Servings 16 to 20 muffins



  • 1 1/2 cups flour
  • 2 tsp baking powder
  • 1/4 tsp salt
  • 1 cup plain yogurt (I used Chobani)
  • 1 cup sugar
  • 3 eggs
  • zest of 1 orange (1 Tbsp)
  • juice of 1 orange (1/2 cup)
  • 1 tsp orange extract (if you have it)
  • 1/2 cup oil
  • 1 1/4 cup fresh cranberries


  • 1 cup powdered sugar
  • 2 Tbsp orange juice
  • 1 tsp orange zest


  • Combine flour, baking powder, and salt in a bowl.
  • In a separate bowl, combine the yogurt, sugar, eggs, orange zest and juice, orange extract, and oil.

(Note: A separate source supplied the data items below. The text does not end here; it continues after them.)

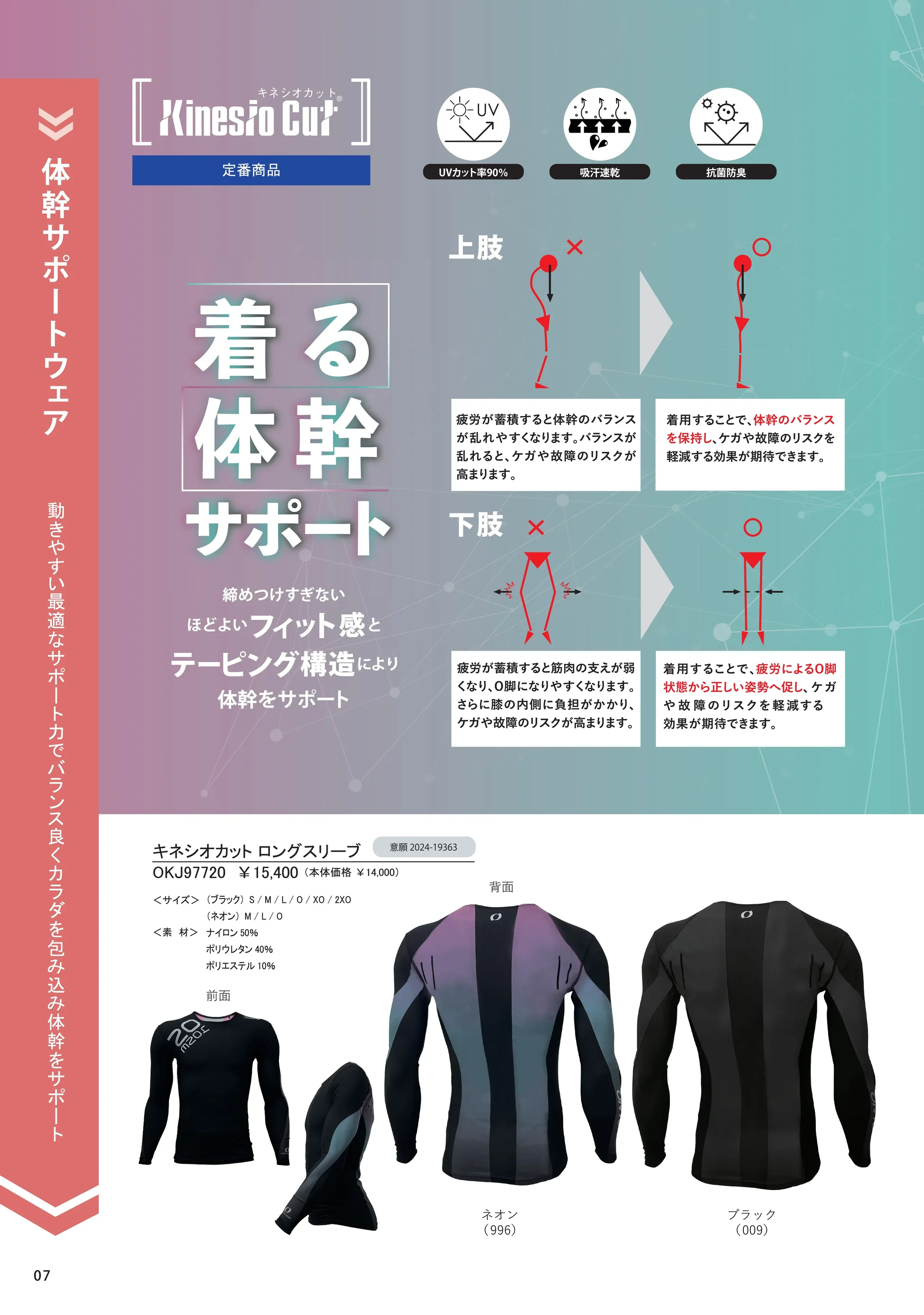 サポート部分の伸縮性を抑えたテーピング構造により体幹のバランスを保持。着用することで正しい姿勢へと促します。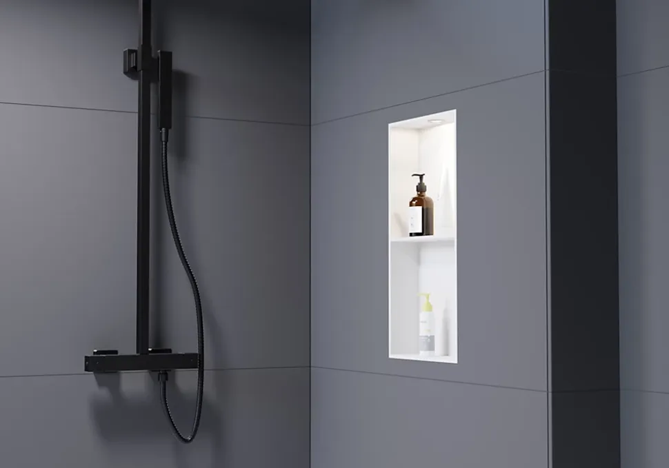 Spot encastrable LED Ø 45 mm – couleur de lumière blanc neutre – convient pour l’éclairage de niches murales ou d’autres espaces de vieUn spot LED encastrable offre un éclairage agréable qui illumine votre espace de vie de manière confortable et discrète. Ce spot LED est particulièrement adapté aux niches murales de la salle de bains. Le produit est équipé de l’indice de protection IP65 contre les jets d’eau et éclaire dans la couleur de lumière blanc neutre. Ce luminaire encastré peut également être utilisé dans d’autres espaces de vie.La couleur du cadre de montage peut-être commandée dans une couleur assortie à votre salle de bain.Veuillez sélectionner la variante souhaitée en haut de la page au début de l’offre. Nous vous recommandons de faire réaliser l’installation par un professionnel.Détails du produit Couleur du cadre de montage chrome, noir RAL 9005, blanc RAL 9003 Matière Aluminium Dimensions Ø 45×22,3 mm Profondeur d’encastrement 22 mm Dimension du trou Ø 40 mm Consommation 3 W Tension d’alimentation 220-240 V | 50/60 Hz Tension de sortie 9 V Courant 300 mA Couleur de lumière 4000 K, blanc neutre Flux lumineux/luminosité 280 lm Indice de rendu des couleurs (IRC) >90 Angle de rayonnement 36° Classe de protection IP65 protection contre les jets d’eau Classe d’efficacité énergétique G Détails supplémentaires Certifié CE, RoHS
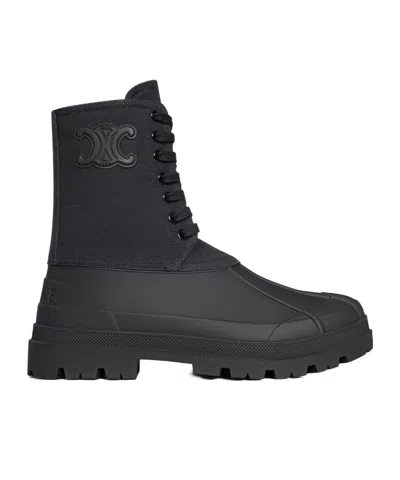 Celine Black Canvas Triomphe Boot. Pure black canvas boots, round toe, top tonal lace-up fastening, ankle-high, side tonal signature logo, back embossed lettering logo, tonal rubber sole.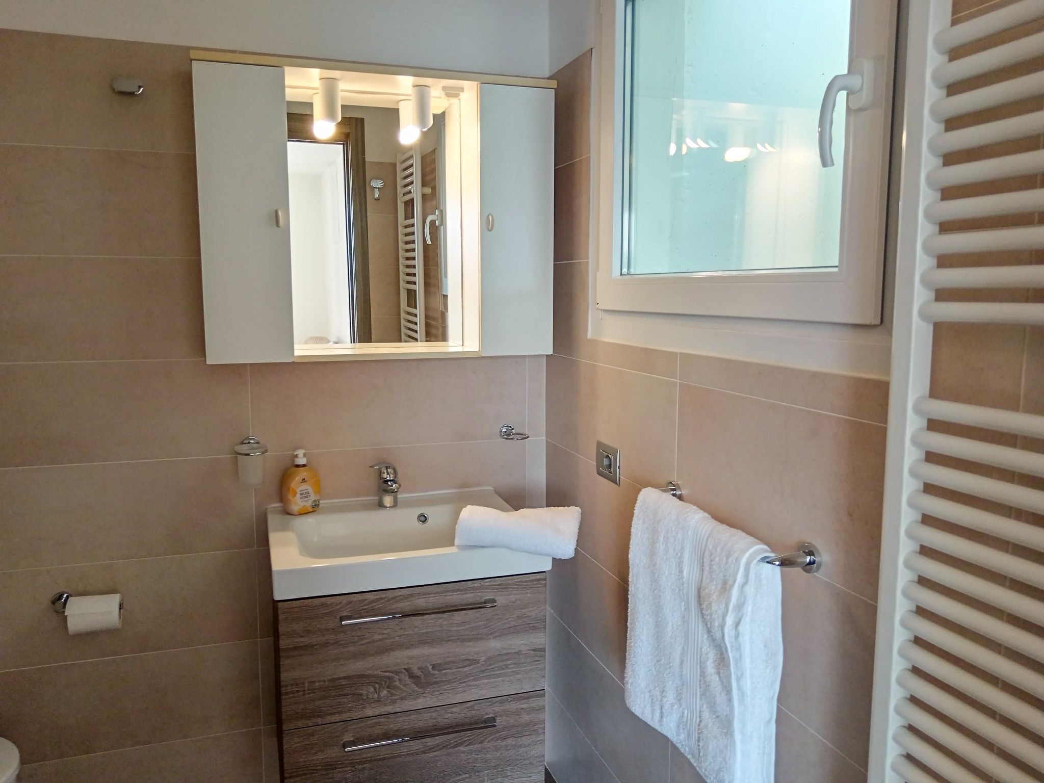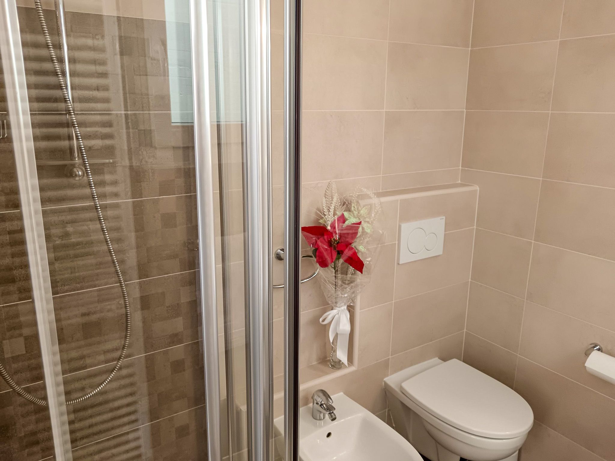 Bergseitig liegt das Badezimmer mit Dusche, Waschbecken, WC und Bidet.

Whisk until smooth. Mix in the flour mixture. Fold in the cranberries.
  • Fill muffin tins with paper cups. Scoop muffin mixture ⅔ full in each cup.

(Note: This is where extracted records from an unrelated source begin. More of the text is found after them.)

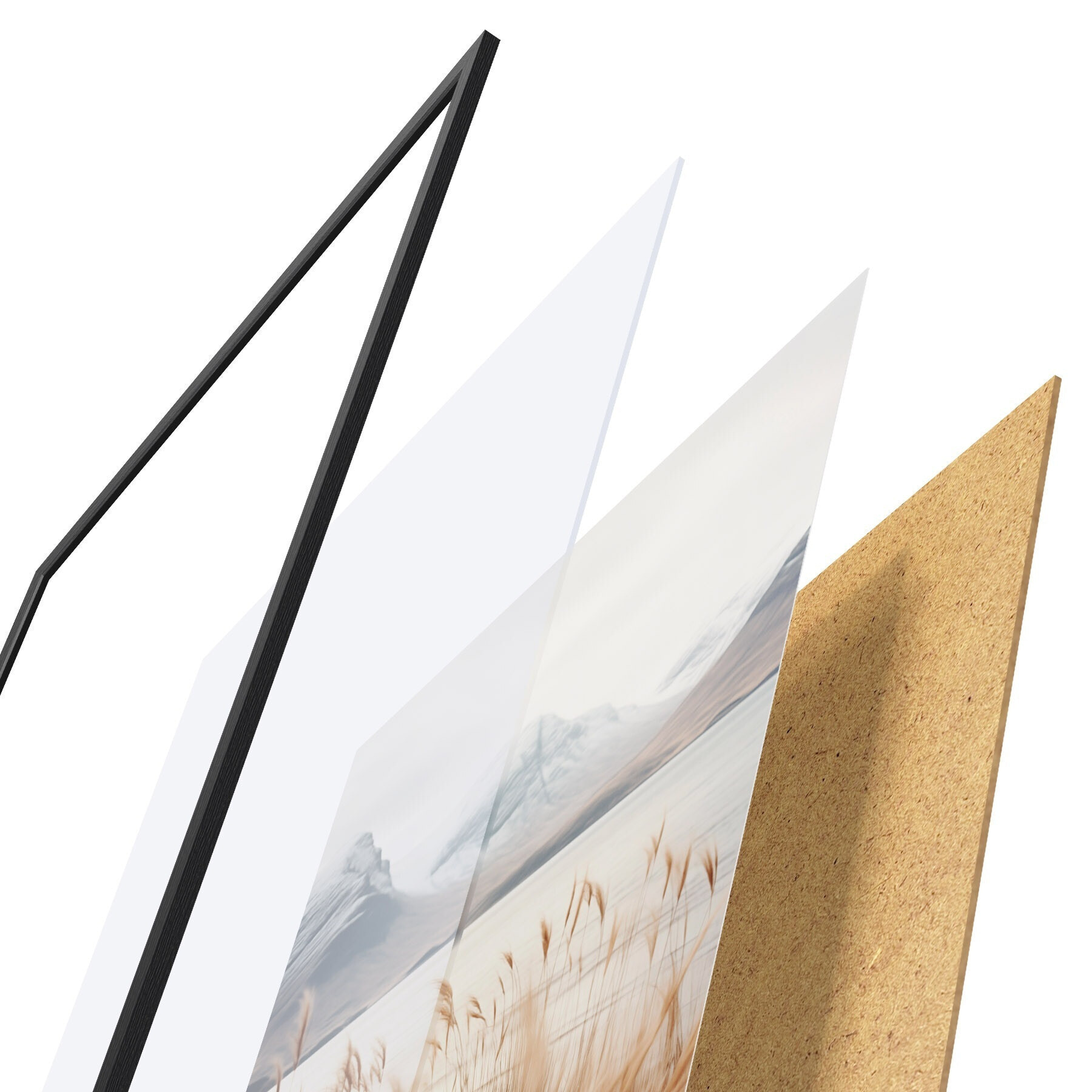 Plagát sa skladá z rámu, plexiskla, vytlačeného obrazu a podkladu z drevotriesky. Plagát možno okamžite zavesiť na stenu vďaka úchytom na zadnej strane.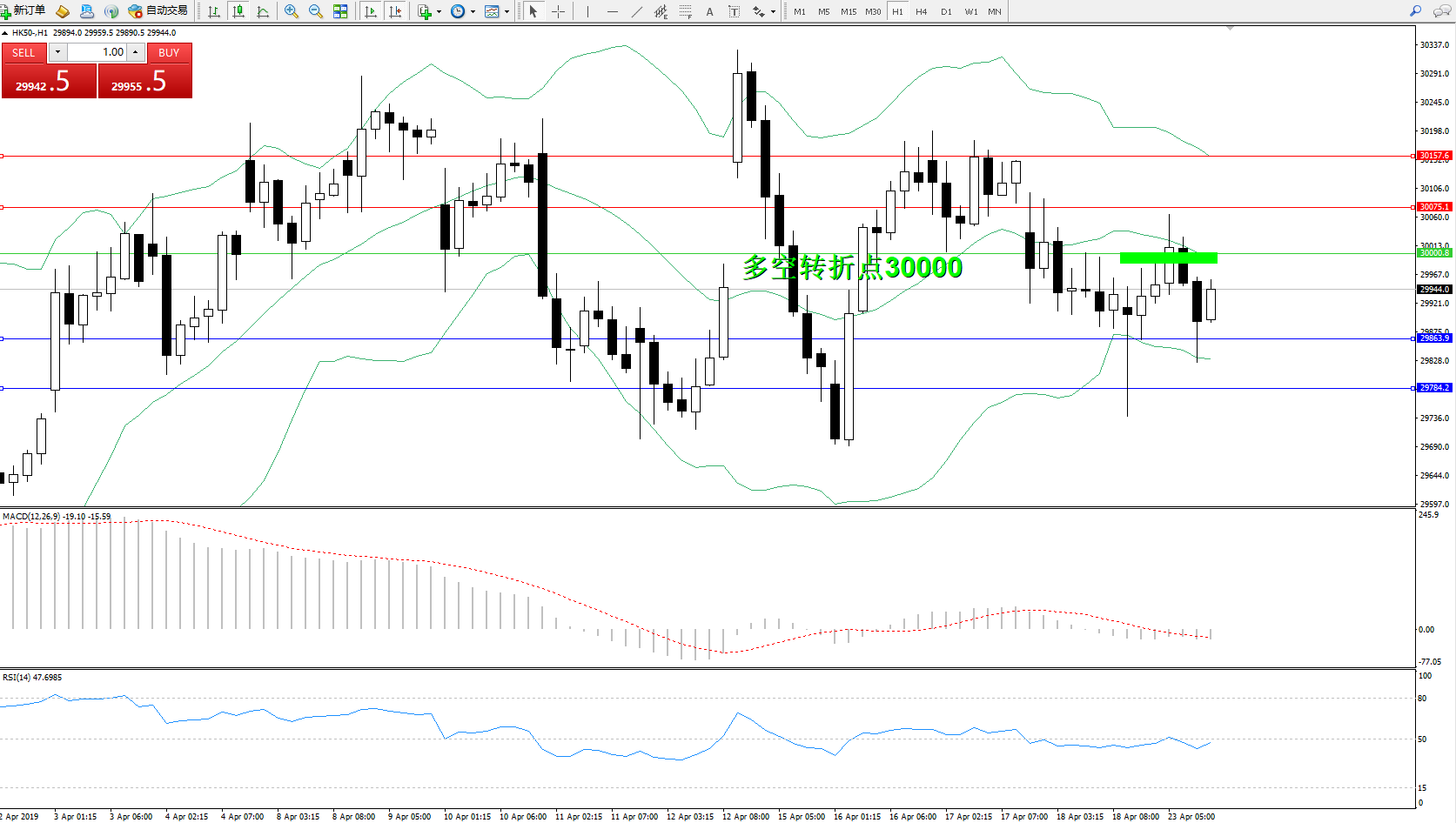 恒指HK50 ——1小时K线图显示: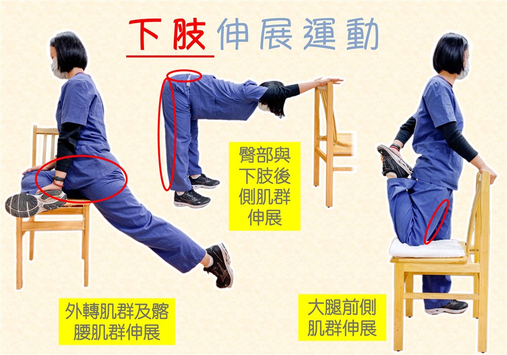 「每個人身體靈活度皆不同,做伸展時也要小心。」林秀玲提醒,伸展運動的上身及骨盆要維持直線朝前,下肢做到肌肉輕微痠痛即可,勿超過容忍範圍以免受傷。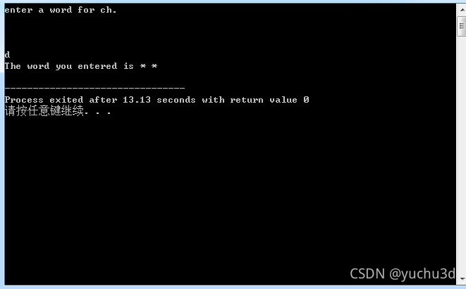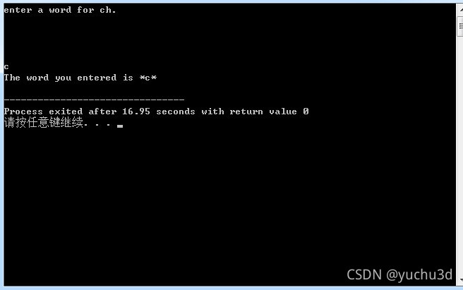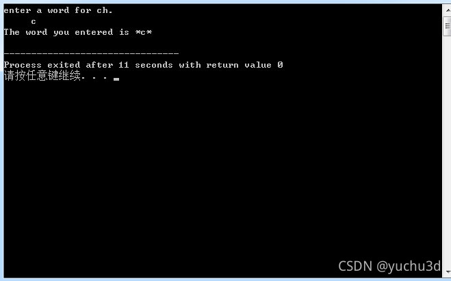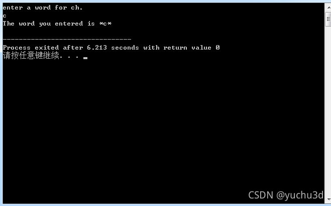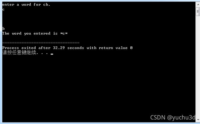 例如,我们首先输入字符c,程序并未进入下一步,还在等待输入,我们输入多个空格和回车,依旧如此,当输入字符b之后,进入下一步,运行结果scanf()读取的是第一次输入的c.

  • Bake at 400 degrees Fahrenheit for 15 to 18 minutes or until the muffin springs back when touched.
  • While muffins bake, prepare glaze by combining the powdered sugar, orange juice, and zest.
  • Allow muffins to cool just slightly, then dip them immediately upside-down into the glaze, scrape off any excess, and allow glaze to set. Store in an airtight container.